Malin had been exploring the cosmos since he was a graduate student in the 1970s at Caltech, studying planetary sciences. Later, at JPL and Arizona State University, where he was a geology professor, he embraced photo-geology — the study of geology through high-resolution imagery.

In 1990, Malin tossed away his promising academic career to start a company building cameras for Nasa.

Preserved records

Malin's gamble nearly failed when the first camera his team built was lost with the Mars Observer spacecraft in 1993. He was lucky to have parts left over for a second camera when the Mars Global Surveyor mission came around four years later.

It took nearly a year for Global Surveyor to reach Mars. Malin and Edgett, who had joined the company anxiously waited through the journey.

Just weeks before its arrival, another craft, Mars Pathfinder dropped a little robot onto the surface. The Sojourner rover was a hit with the public, rolling around its landing site and taking pictures of rocks.

Global Surveyor finally eased into its 234-mile-high polar orbit. In September 1997, the first close-up images began appearing on Malin's computer. "This is a completely different Mars than anyone was thinking about," Caltech's Murray said.

The first big surprise was the great quantity of layered rocks, especially in Valles Marineris, the six-mile-deep cavity that rips 3,000 miles across the Martian surface.

"Earth didn't preserve those rock formations," Edgett said, referring to the layered rocks. "Mars is the only terrestrial planet with an atmosphere that has preserved a record of its earliest history." On any given day, Edgett reviewed 50 to 300 pictures.

Hints of water

Most days, Malin stopped by Edgett's office for a chat. "Often, out of those discussions came new discoveries," Edgett said. Edgett was fascinated by textures in the landscape. Around Alba Patera, a volcano, the surface had a "bubbly" appearance. The equatorial region was sandy.

In Noachis Terra in the south, there were huge dunes. But these dunes were different from Earth's. Channels cut across their surfaces.

He wasn't sure what he was looking for, but his goal was clear — to find some sign of water flow. In 1999, Edgett spotted narrow gullies along a canyon wall. They were at most a few thousand years old.

It could be an indication of water erosion. He decided to focus in on the gullies whenever Global Surveyor passed overhead to look for any changes.

Then in 2005, he saw something unusual. Shiny, white ice-like flows appeared in two of the gullies. The flows were near the limits of the camera's resolving powers.

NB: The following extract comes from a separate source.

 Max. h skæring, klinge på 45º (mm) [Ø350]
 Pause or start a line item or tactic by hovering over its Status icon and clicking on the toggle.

He and Malin accounted for the time of day, the strength of the Sun and every possible counter-explanation they could find.

They held on to their discovery for a year while they tested the theory and wrote it up for publication in the journal Science.

In December, Edgett and Malin announced their discovery, which was quickly hailed as one of the greatest solar system finds in decades.

"Now thinking about life on Mars isn't a search for past life," said Pappalardo of JPL.